Victims of anti-social behaviour will decide how their tormentors are punished.
Police chiefs are putting together a list of possible punishments for the victims of lower-level crime to choose from.
Louts had better watch out – the public is being asked what should be on the list.
Sussex Police and Crime Commissioner Katy Bourne wants the public to whittle down options including apologising, receiving counselling and litter picking.
People can make their own suggestion for the Community Remedy Document to be published in November.
Victims will be able to choose whether they want to decide the punishment and the police will make sure the punishments are enforced.
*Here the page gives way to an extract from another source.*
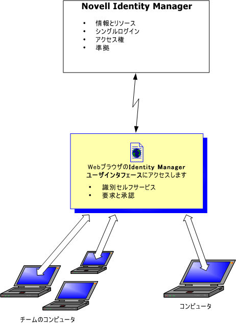 Novell® Identity Managerは、ユーザコミュニティのアクセスニーズを安全に管理するために組織によって使用されるシステムソフトウェア製品です。 ユーザコミュニティの所属メンバーは、Identity Managerの導入メリットをさまざまな形で享受できます。 たとえば、Identity Managerを使って次のことを実行できます。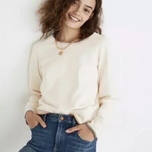 Madewell Cream Embroidered Blanket Stitched Shrunken Sweatshirt Size Small

Mrs Bourne said: “A recent poll on my website showed that anti-social behaviour is a big concern, with littering, drug and alcohol misuse, and inconsiderate driving and parking topping the list of issues local people experience most often.
“‘Community remedy’ is designed to introduce simpler and more effective powers for tackling these lower level crimes.
“It is also designed to provide victims, should they want it, with a say in how an offender will make amends for the matter if the crime warrants an out of court settlement.”
The practice will build on the idea of punishing lower-level offenders outside of the courts, with police often talking to victims about how offenders should be dealt with.
Conservative Councillor Dee Simpson thought it good to give victims a say if they wanted it.
She said: “Some victims possibly would like to be involved and some would not but it is good to be given the chance.
“Even lower-level anti-social behaviour can be quite harassing, especially for older people.”
She added payback remedies had been used for youngsters who damaged the Woodingdean youth centre six months ago.
She said: “We decided that rather than have them criminalised that they should do some community payback.
“So they did litter-picking and all sorts of things and I think that is far more effective.”
Options included in the Sussex Community Remedy Document include...
- Written apology
- Verbal apology
- Face-to-face restorative justice conference
- Shuttle conference (victim and offender talk but don’t meet face-to-face)
- Repairing damage to property or cleaning graffiti
- Paying an appropriate amount for repair
- YOUR VIEWS:
- Stephen Reeves, 50, of Hove, taxi driver, said: “I suppose it depends what they've done. If it's for anti-social stuff it might work but we could only do it a couple of times before they need to be banged up. I think they should take a couple of days to clean up what they've done.”
- John Jensen, 72, of Hove, retired, said: “I think it's a good idea. Realistically, I'd like to see people get a large fine and then be made to clean it all up. Only one in 1,000 people are caught and then they are let off with a warning.”
- Nicola Driddle, 44, of Fiveways, shopkeeper, said: “I think it could be a good thing, then you've got some control over it. I would make them come and clean up or repair whatever damage they caused and I think they should have to answer to the community.”